Transaction-level behavior

This approach is a system focus on the skin of an application-level action, such as an HTTP request message, and its response, an HTTP response message or MAIL message. With this progress, a request is indirect from the change patterns, the size of each message. A method to order maintain by the time-series changes in the size of messages. These techniques are useful for sense a signal protocol, but are not suitable for discovery of real-time message traffic whose features are boring and last for a fairly long time. [Toshiya Okabe Tsutomu Kitamura 2006]

Flow-level behavior

This method is to make out an application from mathematical information such as the inter-arrival time, period of the run, packet size. Here, a run is defined as a sequence of packets having a common source address, source port, destination address, destination port and transport protocol. It is extract skin of size data message request flows, such as HTTP, FTP and SMTP graceful from side to side a network, in order to create workload for a network simulator and classify traffic into three lessons, bulk data message such as FTP, informal message. [Toshiya Okabe Tsutomu Kitamura 2006]

Packet-level behavior

This is techniques that identify a request from the header or load of a single packet. A group method mainly based on port facts has been used but its efficiency has been lost due to the arrival of P2P applications that illegitimately use chance port numbers and port numbers for HTTP to traverse a Firewall. [Toshiya Okabe Tsutomu Kitamura 2006].

Average packet length and variation

The result of extract skin correlated to the normal packet size and difference in packet size. Difference in packet size here indicates the number of types of packet size for a request whose packet size is fixed. It is the result of take out the skin of voice applications. The packet size of the voice application is lesser than that of the other application. [ Takayuki Shizuno 2006]

As with any new knowledge, VoIP introduce both opportunity and problems. It offers lesser cost and greater give for an project but presents significant security challenge. Security administrator strength suppose that because digitized voice actions in packets, the plug VoIP mechanism into their previously protected networks and get a stable and secure voice network address translation (NAT), and most VoIP mechanism have counterpart in data network, VoIP's presentation stress mean you must extra ordinary network software and hardware with special VoIP mechanism.

Packet network depend on many configurable bound: IP and physical addresses of say terminal of routers and firewalls. VoIP networks add specific software, to place and route calls. Many network bound are recognized with passion each time a network part is restart or when a VoIP phone is restart or added to the network.. So many nodes in a VoIP network have dynamically configurable bound; But VoIP systems have much stricter presentation constraint than data networks with important implication for security. [ Takayuki Shizuno 2006].

Quality-of-service issues

Quality of service is basic to a VoIP network's process. A VoIP request is much more responsive to delay than its customary data matching part. In the VoIP language, this is the latency problem. Latency turns conventional safety measured. Tools such as encryption and firewall defense can help secure the system, but they also set up important delay. Latency isn't just a QoS issue, but also a safety issue because it increases the system weakness to denial-of-service attacks.

To do well in a VoIP network, a DoS attack need not totally shut down the system, but only delay voice packets for a part of a second. The necessary let is even less when latency-producing security devices are slowing down traffic. Another QoS issue jitter, refers to no uniform delays that can cause packets to turn up and be process out of series. The Real-Time Transport Protocol (RTP), which is used to move voice media, so packets received out of order can't be reassembled at the move level, but must be rearrange at the request level, introduce major above your head. When packets turn up in order, high jitter causes them to arrive at their target in spurts.
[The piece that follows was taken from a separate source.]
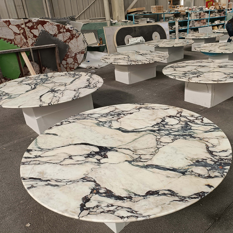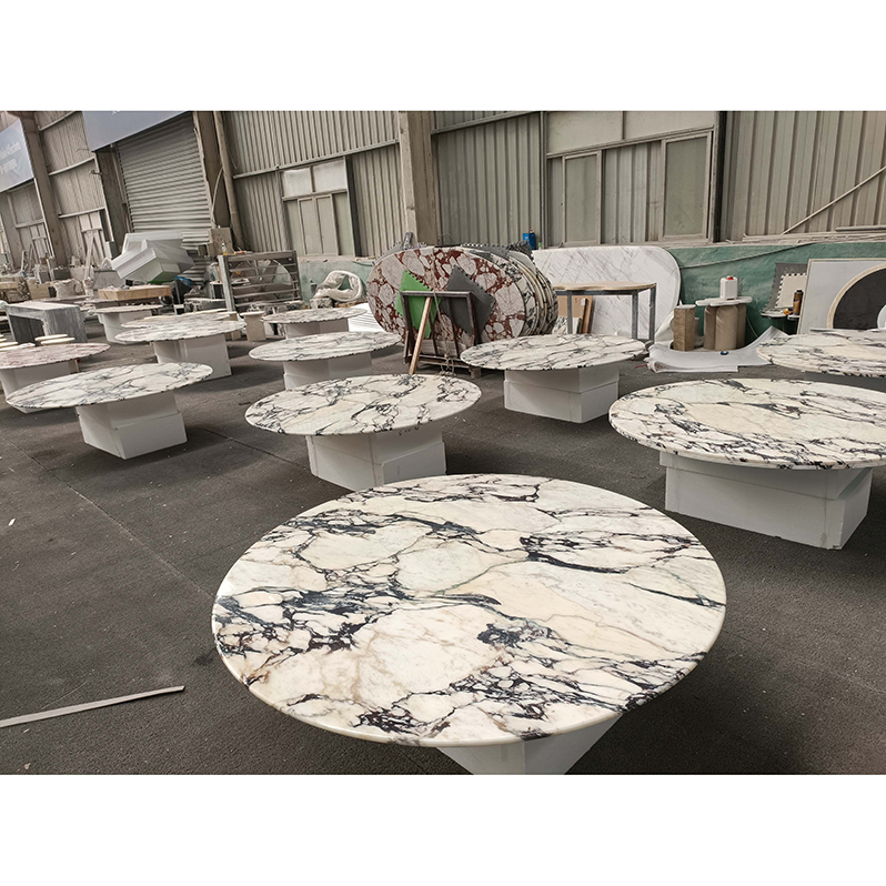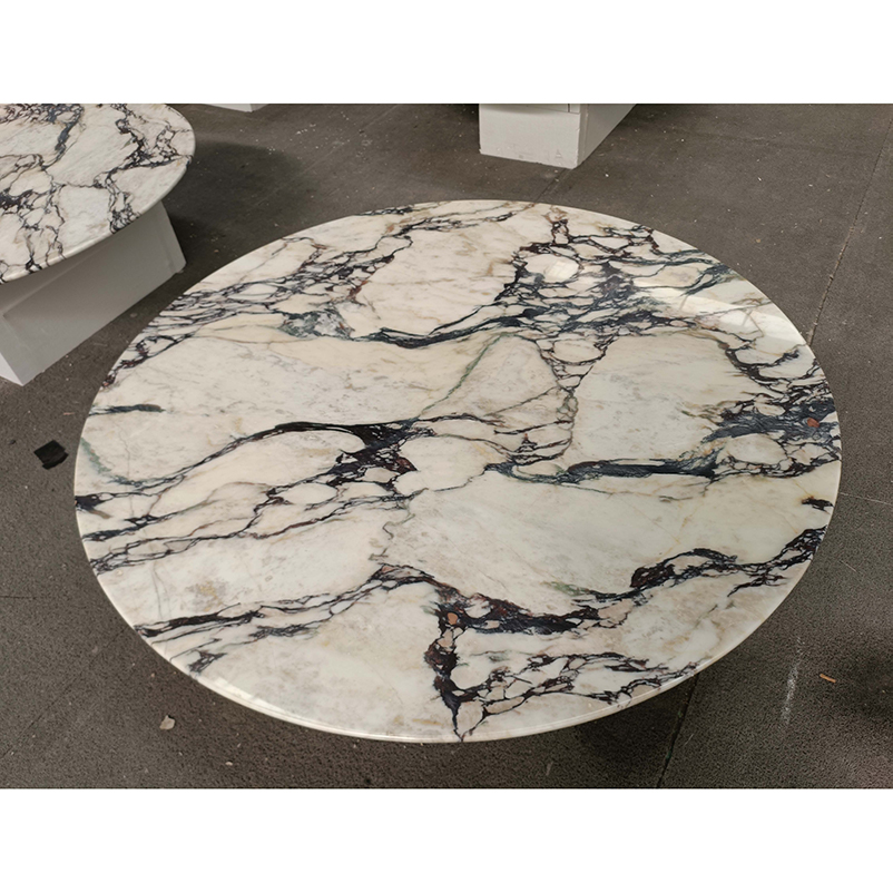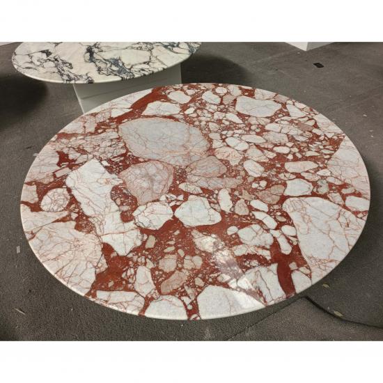 Tallado a partir del Mármol rojo Bulgari ,cada mesa de comedor redonda de mármol Presenta un patrón natural completamente único e irrepetible. Su superficie lisa y pulida como un espejo capta la luz, resaltando la profundidad de la estructura natural de la piedra, mientras que su suave silueta redondeada aporta una sensación de calma y sofisticación a cualquier espacio.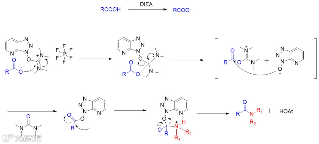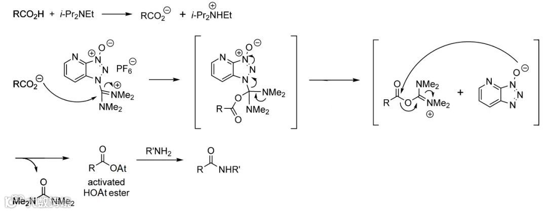 首先羧酸和有机碱反应得到羧基负离子,进攻HATU,加成-消除生成成不稳定的O-酰基(四甲基)异脲盐中间体。OAt负离子迅速攻击异脲盐,得到HOAt活性酯和四甲基脲。胺和HOAt活性酯再进行一次

To control jitter, network expensive can use buffers and implement QoS-supporting network elements that let VoIP packets when larger data packets are listed in front of them. The buffer can use one of several plans to resolve when to let go voice data, counting several scheme that adapt the payout time also encompass packet loss. In addition to the usual packet loss issue related with data networks, even VoIP packets that reach their target can be make useless by latency and jitter. [thomas j. walsh and d. richard kuhn ].

Project Background

Neural network is the bury order growing fast in current years. It is jointly of a massive deal of easy giving out units of neuron with providing connect as a neural network. It can replicate the information distribution task of human being brain, with huge talent of nonlinear estimate, consecutively storage, large-scale similar development, and self-training lessons. The information distribution in the neural network is recognizing by the communication between the neurons, and the storage of data and in progression as increase physical interconnection of the network parts. [, a. shelestov, v. pasechnik, a. sidorenko, n. kussul , 2006].

A parallel firewall (also called a load-balancing firewall) is a scalable approach for increasing the speed of inspecting network traffic. As seen in figure .the system consists of multiple identical firewalls connected in parallel. Each firewall in the system implements the complete security policy and arriving packets are distributed across the firewalls such that only one firewall processes any given packet. How the load-balancing algorithm distributes packets is vital to the system and typically implemented as a high-speed switch in commercial products.

Although parallel firewalls achieve a higher throughput than traditional firewalls and have a redundant design, the performance benefit is only evident under high traffic loads. Furthermore, stateful inspection requires all traffic from a certain connection or exchange to traverse the same firewall, which is difficult to perform at high speeds. This paper introduces a new scalable parallel firewall architecture designed for increasing network speeds and traffic loads. The design consists of multiple firewalls where each firewall implements only a portion of the security policy.

Since the policy is divided across the firewalls, rule distribution guidelines are provided that maintains integrity, ensuring the new parallel design and a traditional single firewall always reach the same decision. Unlike the previous parallel design, When a packet arrives to the new architecture it is processed by every firewall in parallel, thus the processing time required per packet is reduced.

Simulation results for the new architecture (consisting of four firewalls) yielded a 74% reduction in processing time as compared to other parallel firewall designs. Furthermore, the proposed architecture can provide stateful inspections since a packet is processed by every firewall. Therefore, the new parallel design is a scalable solution that can offer better performance and more capabilities than other designs.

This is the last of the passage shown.